Find lim x->1+ of [(1/(x-1))-(1/lnx)].

Here is my work...
=(lnx-(x-1)) / ((x-1)(lnx))

=(lnx-1) / (lnx+ (x+1)/x)

This becomes(1/x) / ((1/x)+(1/x^2))

which becomes 1/ (1/x^2)
This equals 1/2. I understand the answer has to be -1/2, but I am having trouble figuring out where that negative sign is coming from. What have I missed? Thank you in advance for your assistance.

=(lnx-(x-1)) / ((x-1)(lnx))

How did you get to the next line?

To find the limit of the given expression, let's go through the steps one by one.

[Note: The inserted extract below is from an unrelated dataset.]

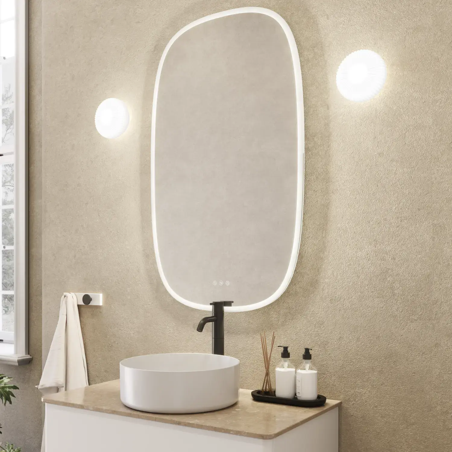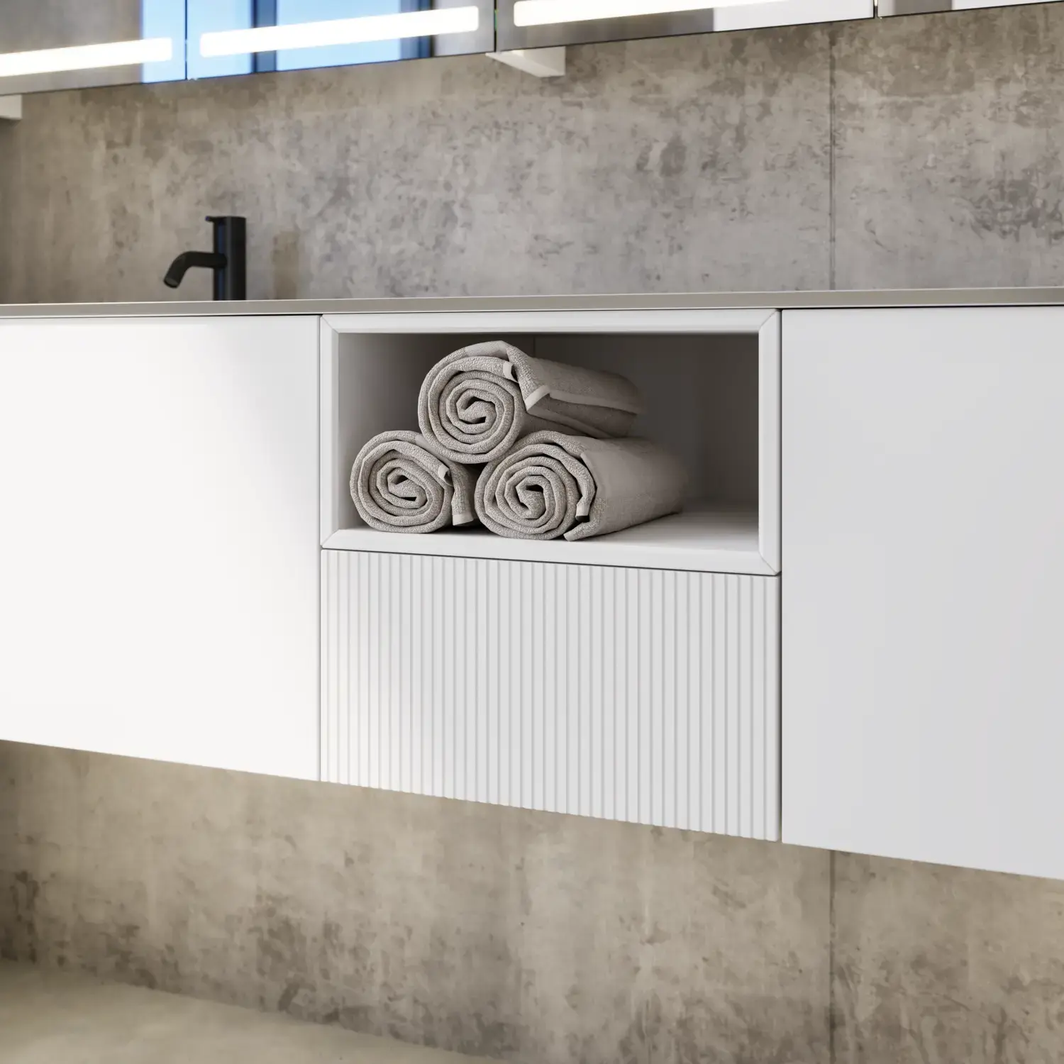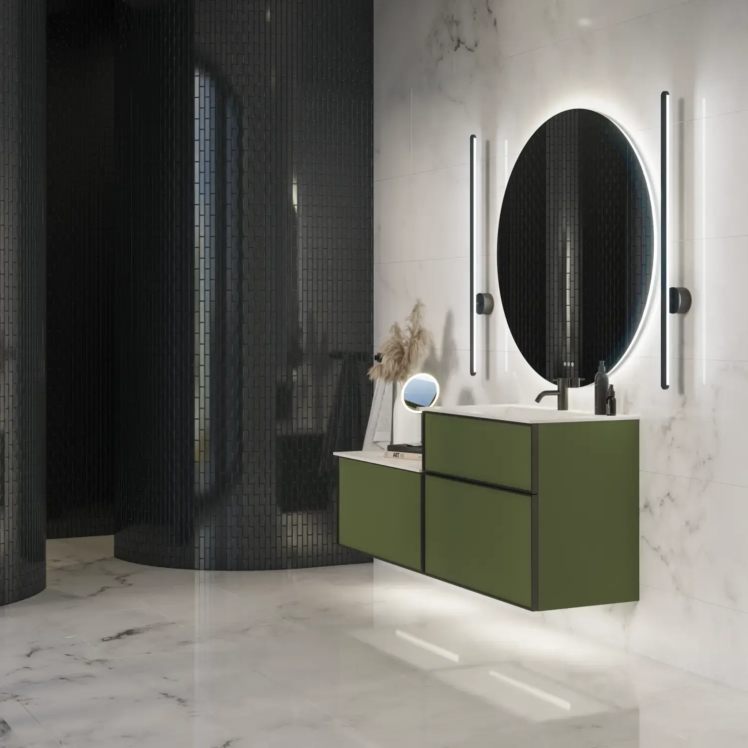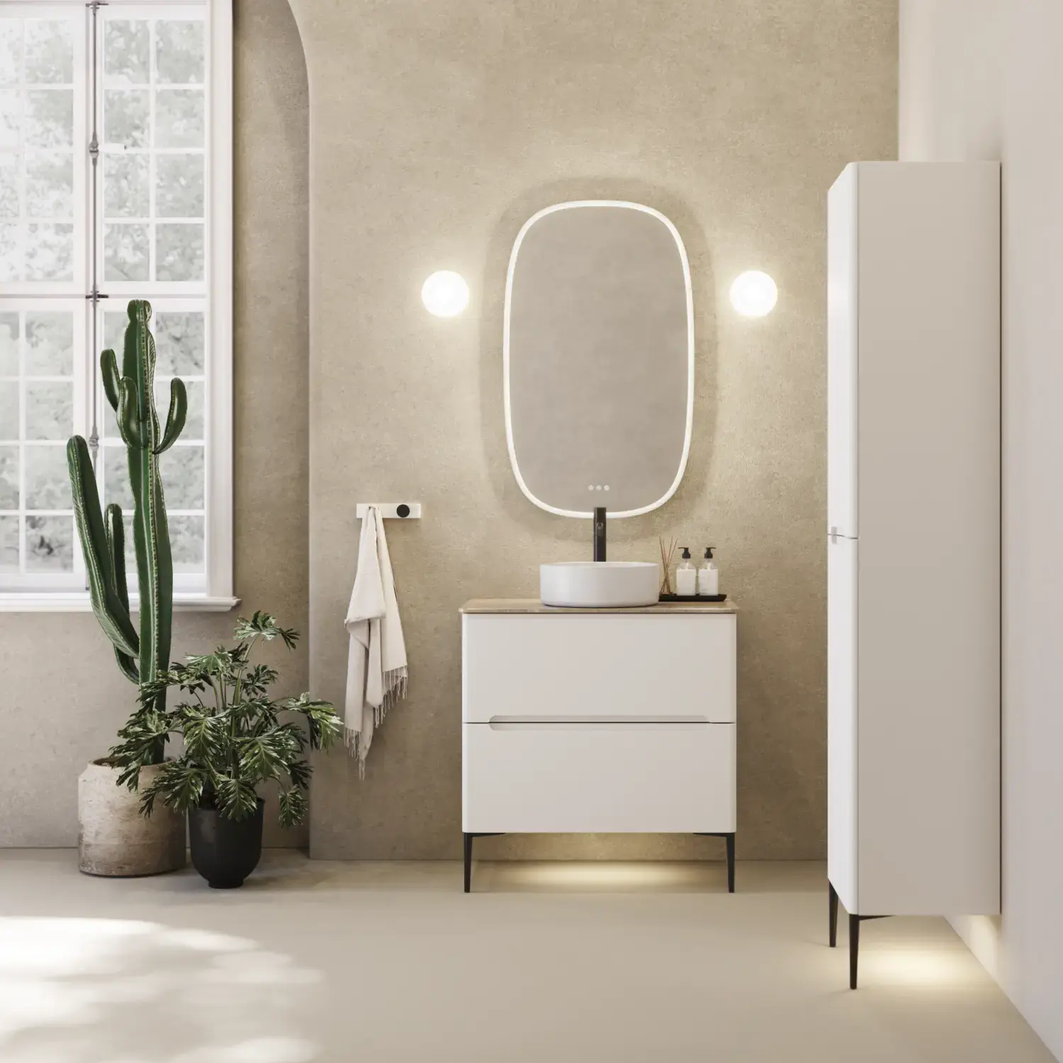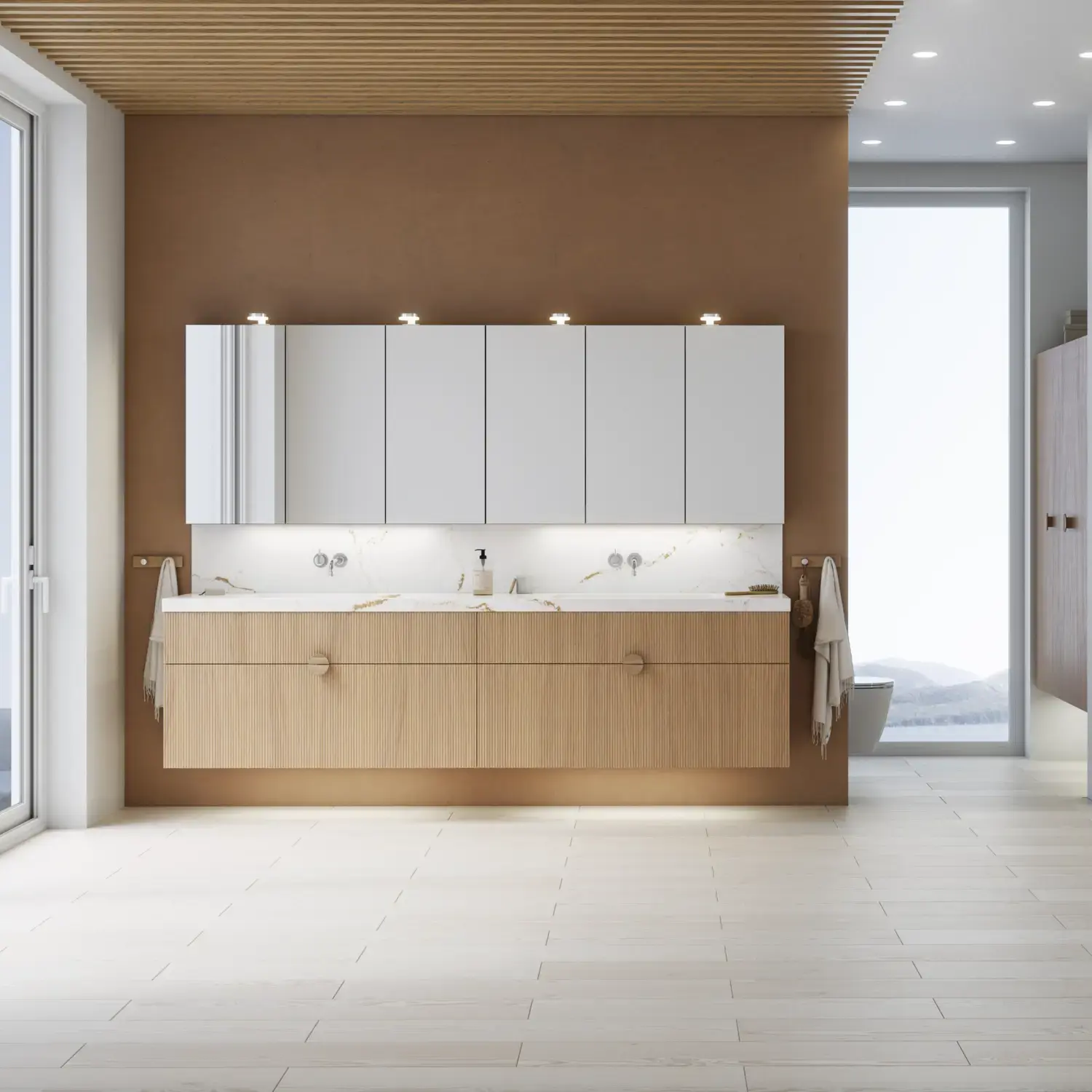 Neben weichen Formen zeigt sich 2026 auch ein klarer Gegentrend: reduzierte Linienführung und ein stärker architektonischer Ausdruck – insbesondere bei der Beleuchtung. Längliche Leuchten am Spiegel sorgen für eine klare, professionelle Optik und erleichtern zugleich die Schaffung von funktionalem und angenehmem Licht im Alltag. Auch die Steuerung von Helligkeit und Farbtemperatur gewinnt an Bedeutung, da Licht maßgeblich die Atmosphäre beeinflusst.

Starting from your last step:
```
1 / (1/x^2)
```
When we simplify this expression, we can rewrite it as:
```
x^2 / 1
```
Now, let's go back to the beginning and see where a mistake might have been made.
We have:
```
[(1/(x-1)) - (1/lnx)]
= [(lnx - (x-1)) / ((x-1)(lnx))]
```
The numerator is correctly written as `ln(x) - (x-1)`. However, the denominator should be `((x-1) * lnx)` instead of `((x-1) * (lnx + (x+1)/x))`. So, we need to correct that part.
```
[(lnx - (x-1)) / ((x-1) * lnx)]
```

Now, let's continue simplifying:
```
= (lnx - x + 1) / ((x-1) * lnx)
```
Now, let's analyze what happens as `x` approaches `1` from the right `(x -> 1+)`.
When `x` approaches `1` from the right side, `ln(x)` approaches `ln(1+) = 0+`. Therefore, `ln(x)` is positive and very close to `0`.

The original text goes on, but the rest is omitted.